Our theme for the month of March is “cities.”
When I think about cities I think about sewers. I think about water mains and electric services and road repaving projects.
It wasn’t always this way; when I was a kid all I thought of was traffic and people. Growing up in rural Oregon, cities were very foreign and intimidating. I gave almost no thought to the services and communities that can make cities more convenient, to Young Lillie it was just too daunting.
Adult Lillie still finds cities daunting, but for different reasons. At my day job as an engineer for the local utility, I live by the motto “don’t do work in the city if you don’t have to,” and it’s probably not for the reasons you would think. It’s not because it’s unsafe, or too busy, or because traffic control is a nightmare (though all of those things might also be true). It’s because after decades of adding more and more infrastructure, there’s just no place to put anything new.
Most things people don’t even notice—gas mains are occasionally marked with a valve box, underground electric has handholds every 500 feet that you wouldn’t notice if you weren’t tripping over them, and we only notice sanitary manholes when they’re adjacent to a pothole. Fire hydrants are probably the most visible marker of the spaghetti-mess of utilities, and even those are so mundane I bet you can’t remember the last hydrant you saw.
But for me, for forty hours of my week, that tangled web consumes my every moment.
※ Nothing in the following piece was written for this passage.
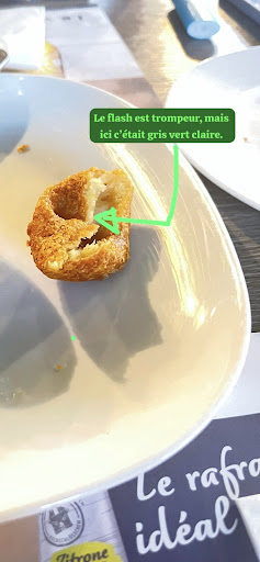 Read moreAmateurs de Malakoff passez votre chemin !!! Je me suis arrêté pour boire un bitter et ma femme qui m’a rejoint à voulut manger 4 Malakoffs et une petite assiette de viande séchée. J’en ai gouté une moitié, une odeur âpre qui vous prend au nez, gonflé d’air, gris vert de couleur. Je suis en colère d’avoir goûté cela qui est maintenant dans mon estomac et ma femme qui mange toujours trop vite ne c’est rendue compte de la chose qu’à la fin du premier. Elle est en train de vomir à la maison.

There are lots of little nuances that make my job complex in general, and are only more challenging within the city limits where finding a place to run a new gas main feels like sending a camel through the eye of a needle.
Recently, I was handed a partially complete project in the city of Rochester, where I work. My supervisor said “the drawing is easy, the work will be a nightmare.” She was right. Every two weeks I attend a meeting with eight different utilities, the city, the highway department, and a handful of others. We always have some conflict to discuss, and no one ever leaves very happy with our outcomes.
Today, I got called out to the job site to answer some questions, and was struck by how truly brilliant the infrastructure is. Sure, it’s a pain in the butt to make changes, but how wild is it that thousands of people have water and power, sewers and phone lines and fiber, just quietly working right under their feet? Despite the chaos that I looked down at in my tie-in hole, I was impressed to think so many resources are right at our fingertips, and most people don’t have to lift a finger to make it possible.
It’s so different from how I grew up, where I remember the summer my dad repaired our septic leach field because everything smelled terrible and I couldn’t use the toilet at our house for a week. Even this year, when I went home for Christmas, there was a leak in our water line somewhere so we only had water in the house for an hour or so a day, trying to conserve the little water we had in our cistern.
Gas service, trash service, and fire hydrants were only dreamt of in my small farming community, and more than once we were without power for days on end. It was normal for us, but I can’t help but notice how convenient it is to be able to turn on my shower whenever I want and not worry about taking my trash to the dump myself.
Undeniably, there is plenty of city infrastructure that could do with some improvement: the urban heat islands created by the concrete jungles, the increased carbon emissions from idling vehicles, the lack of public transportation, hostile architecture designed to make trouble for people experiencing homelessness, to name a few things. And don’t get me wrong, a lot would have to change for me to abandon my “don’t do work in the city” mantra.
But there are lots of things in cities that we don’t notice until they go wrong. They’re hidden beneath the streets and working diligently behind the scenes, easy to be taken for granted.

Lillie grew up on a forty-acre hay farm in Central Oregon, making the trek to Michigan to study mechanical engineering and sustainability. After graduating in 2020, she moved to Rochester, NY, where her day job as an engineer for the local gas utility funds her outdoor adventures, love of books, various craft projects, and investment in her new community.
What an interesting perspective! Thank you, Lillie, for opening our eyes to the systems and people that keep our cities running that we tend to take for granted.